Nun wissen wir also, dass es gut 100 Hinweise auf angebliche Gewalttäter/innen gibt, die beim Hamburger G20 Gipfel randaliert haben sollen. Die Polizei hat in einer noch nie dagewesenen Weise zur Fahndung 107 Fotos ins Netz gestellt, um derer Herr zu werden, die an mehreren Tatorten auffällig gewesen sein sollen. Der Leser erinnert sich, die zwanzig wichtigsten Industrie- und Schwellenländer versammelten sich am 7. und 8.Juli 2017 in Hamburg, um irgendwas gegen den Hunger in der Welt zu tun und dies vor allem in Afrika.
Der Veranstaltungsort Hamburg war Angela Merkels Wunsch. Deutschland war Einladungsland des G20-Gipfels und Merkel präsidierte. Allerdings entgegen ihrer Aussage waren weder Bundespolizei noch das Bundesamt für Verfassungsschutz in die Vorbereitungen eines Sicherheitskonzepts für den Gipfel einbezogen. War dies alles nur Ausdruck größtmöglicher Naivität der politisch Verantwortlichen, und wo möglich war Hamburgs Erster Bürgermeister Olaf Scholz so geschmeichelt, dass er glaubte, die Anwesenheit von 30 000 Polizisten und ein wenig überzeugendes Sicherheitskonzept wären für einen solchen Gipfel schon ausreichend?
Hatte er wirklich geglaubt, dass die Anwesenheit von Donald Trump und Wladimir Putin und deren Aura keine Spuren hinterlassen würde? Und zusätzlich die Ankündigung, dass der türkische Präsident Erdogan sich ebenfalls die Ehre geben würde. Und so kam, was alle Sicherheitsexperten kundig voraussahen, was kommen musste: Eine ebenso naive Polizeiführung war unfähig, die aus ganz Europa nach Hamburg strömende Masse der Kritiker und deren Opposition gegen den Hamburger Gipfel überhaupt zu verstehen. Zumal Trump gerade mitgeteilt hatte, die US-Zustimmung zum UN-Klimagipfel und seinen Beschlüssen zurückzunehmen.

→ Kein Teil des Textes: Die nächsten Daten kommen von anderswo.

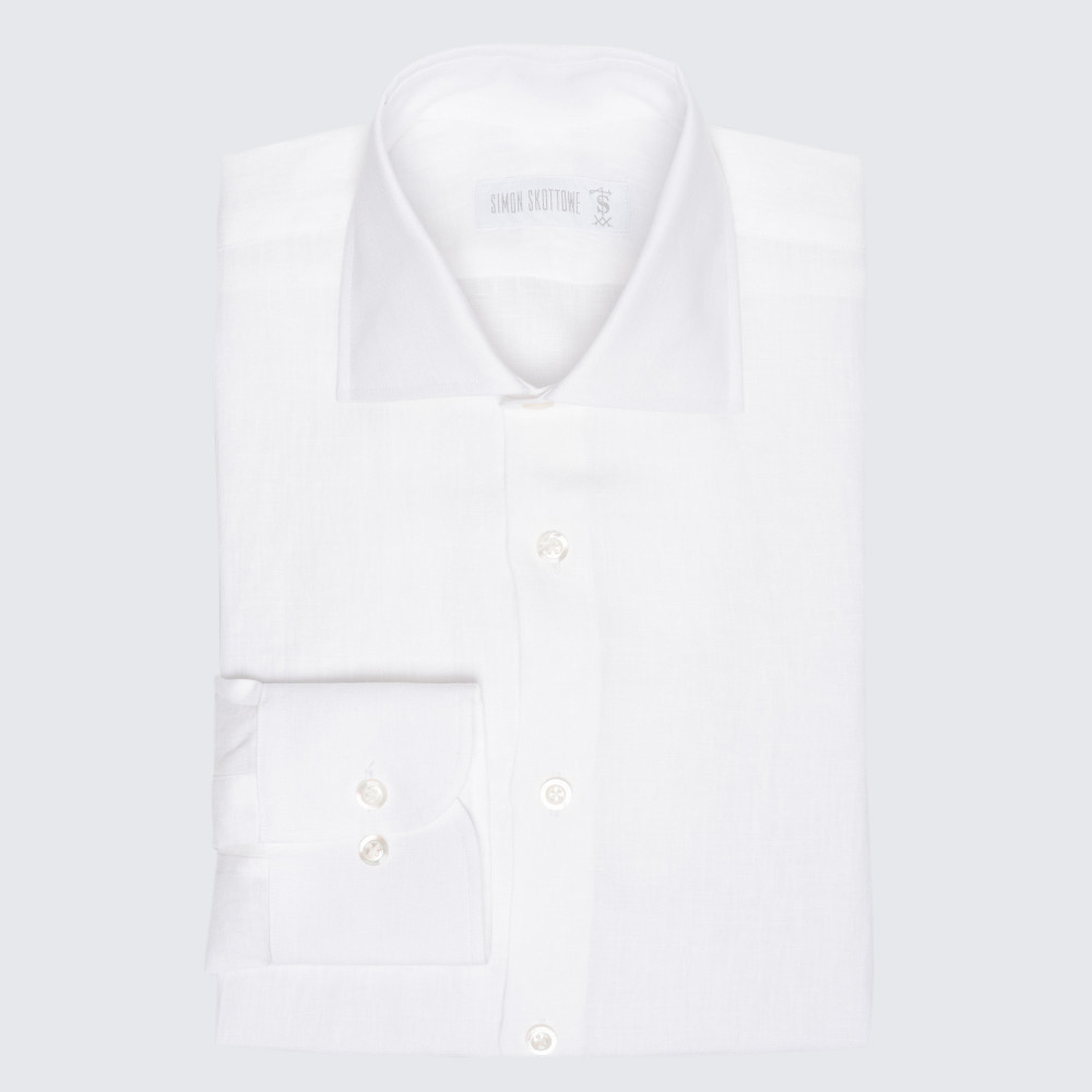 Simon Skottowe - LENVÁSZON SZÉTTERÜLŐ GALLÉROS FÉLIG KARCSÚSÍTOTT ING FEHÉR

Nichts konnte das zu erwartende Unheil aufhalten. Und weder der Gipfel selbst, noch seine vage und entschlusslose Abschlusserklärung, hatten und haben seitdem Einfluss auf die weltpolitische Lage genommen und auf einen US-Präsidenten, der mit seinem Rückfall in nationalistische Alleingänge dabei ist, die Krisen in der Welt zu verschärfen, statt sie politisch einzuhegen.

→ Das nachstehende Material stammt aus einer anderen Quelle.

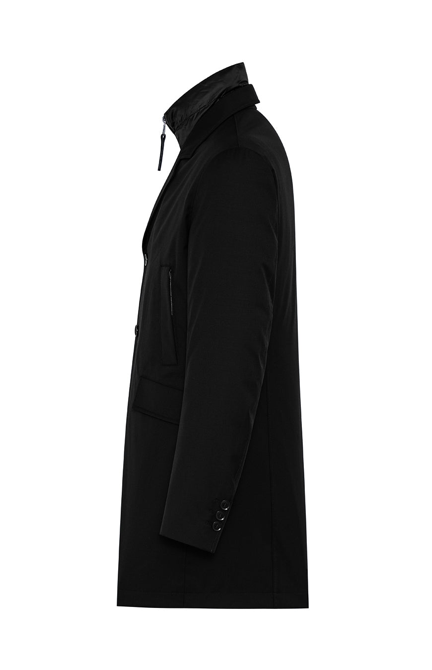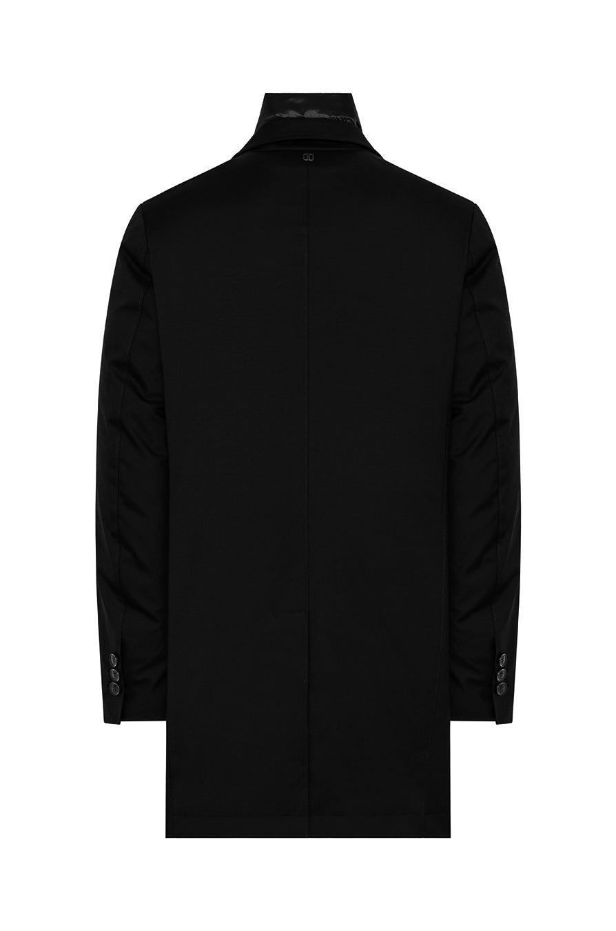 Down padded coat made of technical wool with high-performance back membrane in terms of waterproofing and breathability, featuring a detachable bib with stand collar and zip closure. Front closure with buttons, centrai vent at the back bottom closed by a hidden snap button and side flap pockets and hand warmer welt pockets. Adjustable cuff with slit and closure with 3 buttons. Multifunctional pockets with reflective details on the inside.

Unter dieser Fahndung nach den vermuteten Hamburger Gewalttätern, die neue Maßstäbe setzt, sollte jedenfalls nicht die Notwendigkeit leiden, eigene Fehler der Polizei aufzuarbeiten und die Verantwortlichen zu benennen. Die Hamburger Gipfelei zeigte obendrein nur zu deutlich, dass es derzeit keine adäquate politische Antwort darauf gibt, die weitere Zerstörung und Verwüstung des Planeten zu beenden und durch ein Weltwirtschaftsmodell zu ersetzen, das die Anforderungen für eine lebensfähige Zukunft nicht weiter verschüttet. Nicht nur Donald Trump liefert Gründe dafür, den Zorn, der in Hamburg sichtbar war, weiter zu steigern. Mal sehen, ob die Verhandlungen für eine tragfähige Regierung zwischen CDU/CSU und SPD sich an Antworten versuchen werden, die diesen Widerspruch mildern könnten.